Pirated Contents per Month


Facts: Figure 1a shows how many articles with pirated content were created (and eventually detected) per month. Let's have a look at the time axis first: TechNet Wiki officially started on April 14th 2010. The first articles were posted in February 2010. Figure 1b is a zoomed figure which shows the numbers for the last twelve months only.

  
Figure 1a: All data   Figure 1b: Last year

The figures above show absolute numbers. TechNet Wiki is a growing community. Therefore it makes sense to look on relative values too. Figures 2a and 2b show how many articles (in any language) were created per month. Once again the second figure is a zoomed version which shows the numbers for the last twelve months only.

 
Figure 2a: All data   Figure 2b: Last year

Figures 3a and 3b show the percentage of pirated articles in relation to the total number of articles created per month.  I.e. Figure 3 is the "quotient" of  figures 1 and 2. This approach gives only a lower bound of the percentage because we use the number of all articles as a denominator (and not the smaller number of all English articles).

  
Figure 3a: All data   Figure 3b: Last year

Interpretation:
  • Until about March 2012 pirated content was no real problem: The amount of new pirated articles was less than 2% and in absolute numbers less than 10 (detected) articles per month.
  • In the last 1.5 years pirated content got a real problem: Up to 12% of the new articles of a month were pirated.
  • The rate of production is not constant over time. Three main peaks lasting 1 to 3 month can be identified.
  • In the last 2 months the percentage is below 2%. We will have to watch carefully if this is a trend caused by the communities plagiarism awareness (or if it is just an indicator that we have not checked all articles).

Active Pirates per Month


Facts: Figures 4a and 4b show the number of (detected) active pirates per month. "Active pirate" means that a member has published at least one article with pirated content within a month. 

  
Figure 4a: All data   Figure 4b: Last year

Interpretation:
  • Until March 2012 the number of active pirates was no real problem: At most 1 (detected) pirate is active per month.
  • Since April 2012 4 active pirates per month are a typical average.
  • Up to 7 (detected) pirates are active per month.
  • The absolute number of active pirates per month may seem small in comparison to the total number of contributors of TechNet Wiki. However,  they have a significant effect on the statistics. See also the next section.

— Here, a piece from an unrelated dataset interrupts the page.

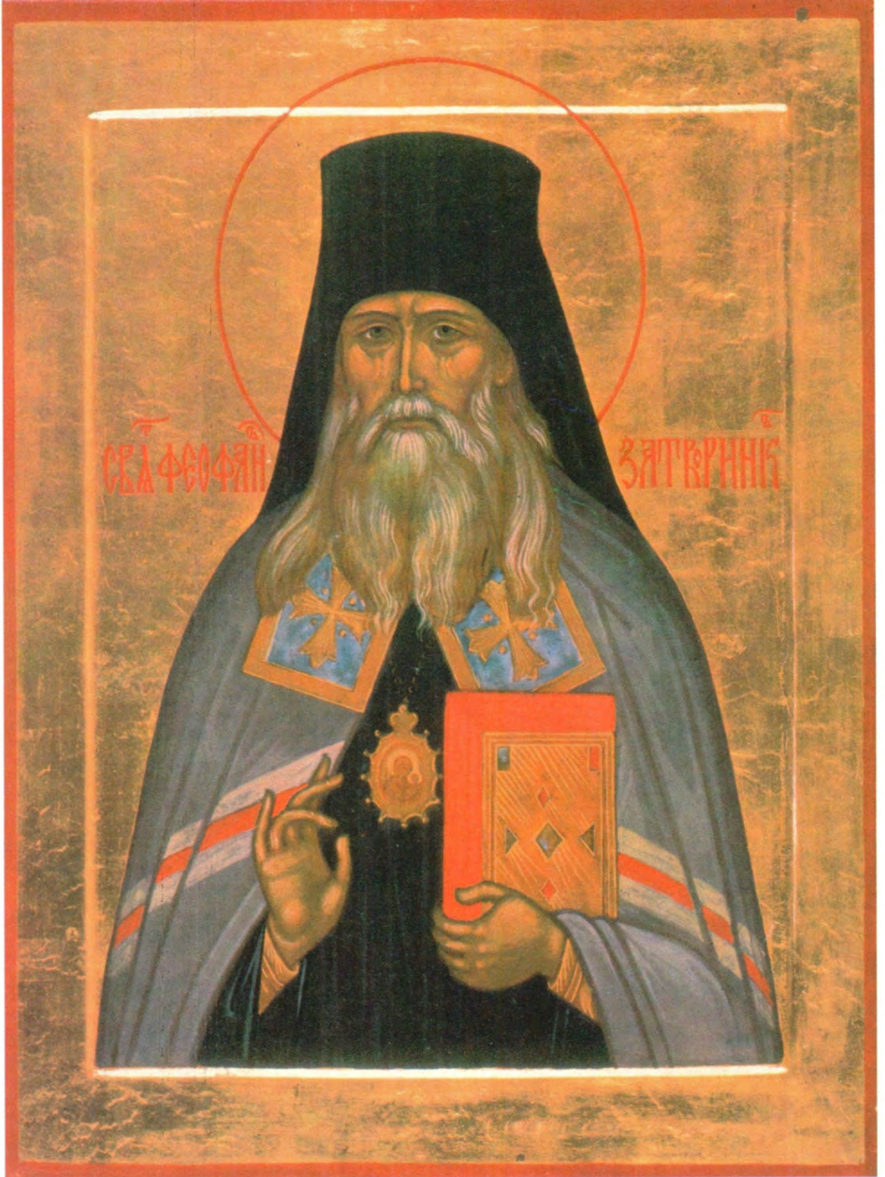
СВЯТИТЕЛЬ. ФЕОФАН ЗАТВОРНИК

Average Productivity of Pirates


Facts: Figures 5a and 5b show the average number of pirated articles per active pirate per month. I.e. the figures show the "quotient" of figures 1 and 4.

  
Figure 5a: All data   Figure 5b: Last year

Interpretation:
  • Plagiarism is not a singular mistake. The "average plagiarist" typically produces between 5 and 25 plagiarisms per month. If we look at individual pirates it's even worse. Pirated content can be created within minutes. It's not unusual that a single plagiarist creates 20 plagiarized articles per day.
  • Within the last 1,5 years there is tendency to excessive plagiarism: The productivity peaks of pirates are growing. Until March 2012 the average productivity of an active pirate was below 5 articles per month.  Since then new peaks were reached: 10, 17 and 25.

What Happened to Detected Pirated Content?

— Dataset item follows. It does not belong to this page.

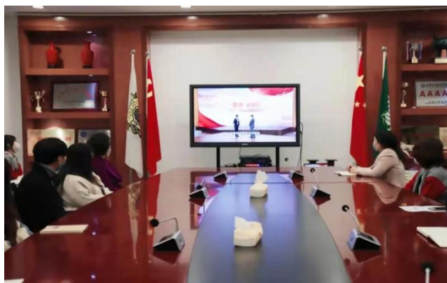
图 4 党史学习

我院现有在校学生 1504 人，递交入党申请书的人数达 435 人，现有学生党员 8 人，隶属于学生党支部。在学院工作中，学生党支部发挥了基层党组织的战斗堡垒作用，大学生党员是学院学生中的骨干力量，成为学院学生中最具感召力、凝聚力和影响力的优秀群体。学院党委会定期组织学生党员、入党积极分子开展形式多样的为学习、宣传、教育活动。

Facts: Pirated content can be in one of these states:
  • to be checked by the Community Council
    The article was tagged as pirated content but was not yet checked by the Community Council.
  • fixed
    The author removed plagiarized sections and fixed his article.
  • admindeleted, adminlocked
    The Community Council uses the tags for admindeleted, adminlocked in case of a verified plagiarism. This is typically an intermediate state and the article will be deleted very soon afterwards. However, in some seldom cases (and for reasons I don't know) articles can stay in this state for a longer duration.
  • deleted
    The article is deleted and no longer accessible in TechNet Wiki.
485 plagiarisms were detected since June 2013. Figure 6 shows their states on September 30th 2013.

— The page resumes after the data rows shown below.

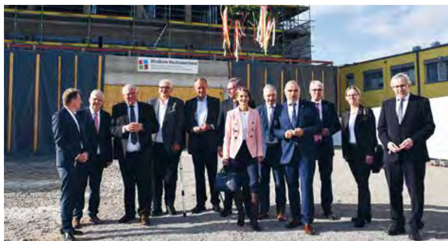
Im Beisein von Gesundheitsminister Laumann (3. v. l.) und weiteren Ehrengästen wurde das Richtfest gefeiert

Für die Menschen im Hochsauerlandkreis (HSK) bedeutet das 88-Millionen-Projekt eine Verbesserung der medizinischen Versorgung. Denn bisher gibt es im HSK und weit darüber hinaus kein Krankenhaus, das so viele Fachabteilungen und Kompetenzen in sich vereint, dass eine umfassende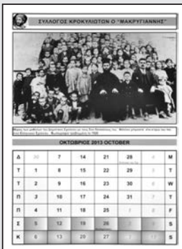
Δείγμα από το εσωτερικό του ημερολογίου.

ημερολόγια. Δυστυχώς πουλάμε μόνο εκατό με εκατόν πενήντα ημερολόγια. Αν μπορούσαμε να πουλήσουμε τριακόσια η τιμή θα ήταν στο μισό. Πρέπει όλοι ν' αγοράσουμε. Θα υπάρχει στη Γενική Συνέλευση και στο γλέντι τις απόκριες στο χωριό. Επίσης για να το προμηθευτείτε νωρίτερα μπορείτε να τηλεφωνήσετε στα μέλη του Δ.Σ. για να βρεθεί ένας τρόπος παραλαβής. Η τιμή των ημερολογίων φέτος είναι χαμηλότερη και κλιμακωτή ανάλογα με τον αριθμό των ημερολογίων που αγοράζονται. Το ένα κοστίζει 8 €, τα δύο 15 €, τα τρία 20 € και τα τέσσερα 25 €.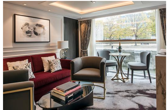
CP: CRYSTAL PENTHOUSE (47 SQ.M) DECK 3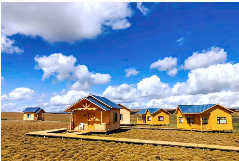
草原上兴起的藏家乐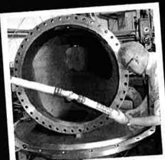
Kontrull av store produkter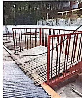
Sustitución de estructura de metal de ventana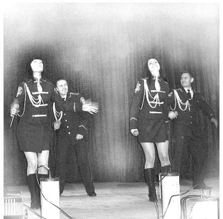
Агов! Дяді, тьоті, дідуся й бабусі! Коли наступне свято?

Бажаю, щоб наші заклади культури отримували більшу спонсорську допомогу і могли ще ширше розгорнути свою роботу. І щиро дякую миколаївському ансамблю «Южный патруль» за прекрасний концерт.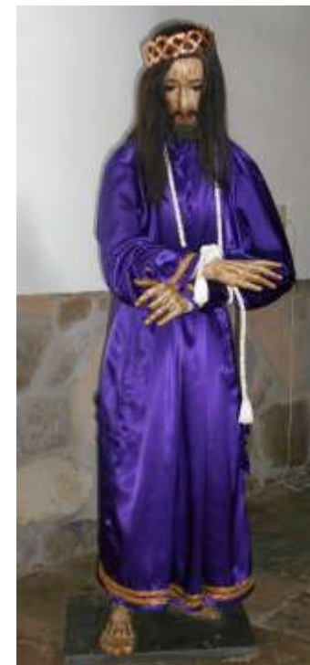
Jesús Nazareno. Templo Santa Clara de Asís, en Santa Clara del Cobre, JMichoacán. Sábado 4 de abril de 2015.

Figure 6: States of detected articles
Interpretation:
Let's have a look at the distribution of the article states:
  • to be checked by the Community Council (37%)
    The high amount of articles that still have to be checked by the Community Council is not typical. In general the Community Council checks articles on a short notice. However, a peak can occur if a larger amount of pirated content is detected in a short time, or if a vacation delays the check of articles.
  • fixed (< 1 %)
    In most cases pirated articles were completely stolen. However, in some rare cases articles were fixed.
  • admindeleted, adminlocked (3 %)
    This is typically an intermediary state and can be neglected.
  • deleted (59%)
    Rule of thumb: Nearly all detected articles were actually pirated and finally deleted.

↑ Return to Top


Summary

The charts show some remarkable results:
  • In some months up to 12% of all created articles were pirated.
  • There was (and still is) a tendency to excessive plagiarism: The average productivity of active plagiarists is increasing.
The charts also confirmed major findings of Plagiarism at TechNet Wiki - First Empirical Data Analysis from July 2013:
  • Plagiarism is not a singular mistake, and it's not done unintentionally.
  • Plagiarism is a problem which occurs in an order similar to spam:
    The first analysis mentioned 66 cases. 485 cases were detected until end of September 2013, and only a subset of all English articles was checked so far.
At least one of the old findings has to be relativized:
  • Nearly all new detected cases were stolen from one source (or at most 2 sources). Mashups from multiple sources were less frequent then initially expected.
One major point we have to work on is the awareness of the community. Only a small group of members reported pirated contents. I would like to thank (in alphabetical order)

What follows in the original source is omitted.